→ About this task
Take the entries below and reproduce exactly the portion that begins at the line containing "Yırtık Desen Arasından" and ends at the line containing "Jefferson Red Heavy", keeping both ends, dropping pictures, and adding nothing else.

→ Source material
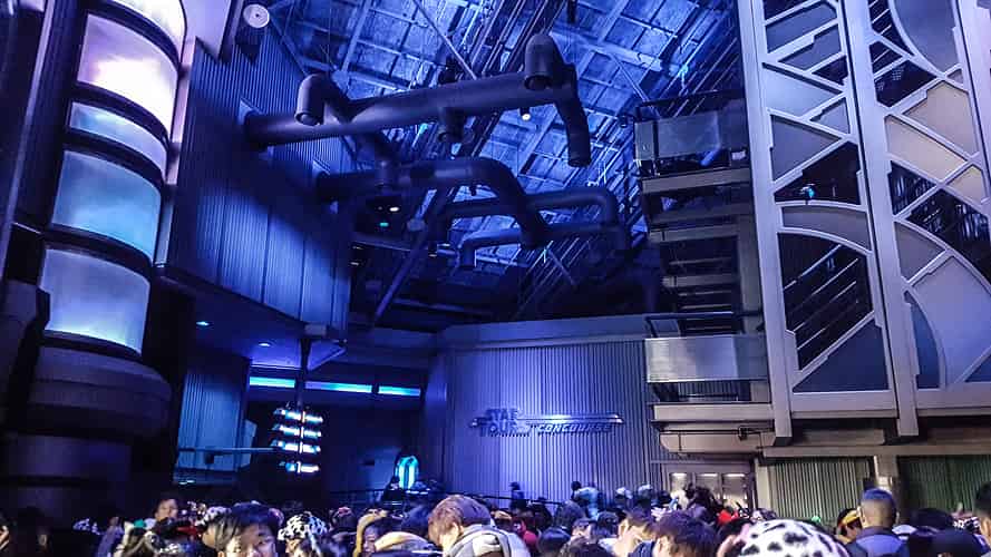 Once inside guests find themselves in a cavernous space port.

---

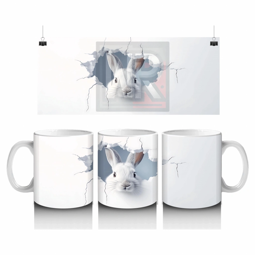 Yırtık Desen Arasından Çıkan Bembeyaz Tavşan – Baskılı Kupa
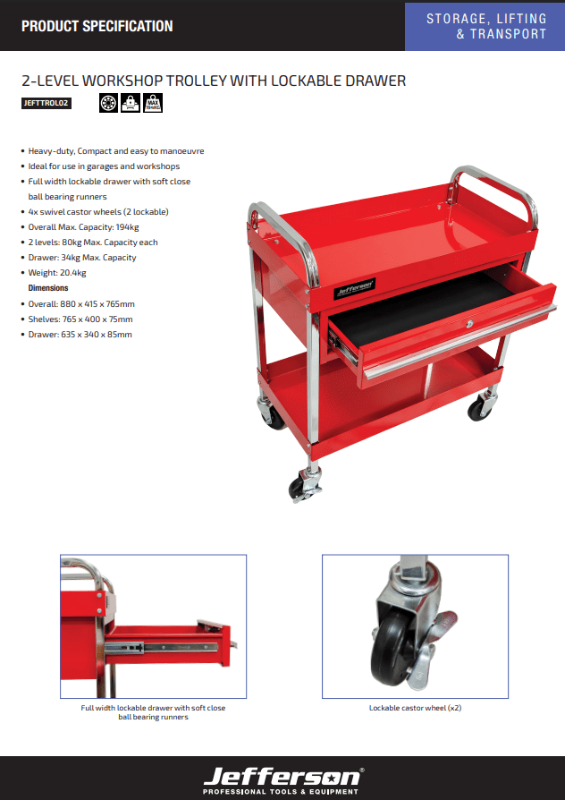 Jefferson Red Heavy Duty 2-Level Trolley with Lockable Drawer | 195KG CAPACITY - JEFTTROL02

→ The completed task
 Yırtık Desen Arasından Çıkan Bembeyaz Tavşan – Baskılı Kupa
 Jefferson Red Heavy Duty 2-Level Trolley with Lockable Drawer | 195KG CAPACITY - JEFTTROL02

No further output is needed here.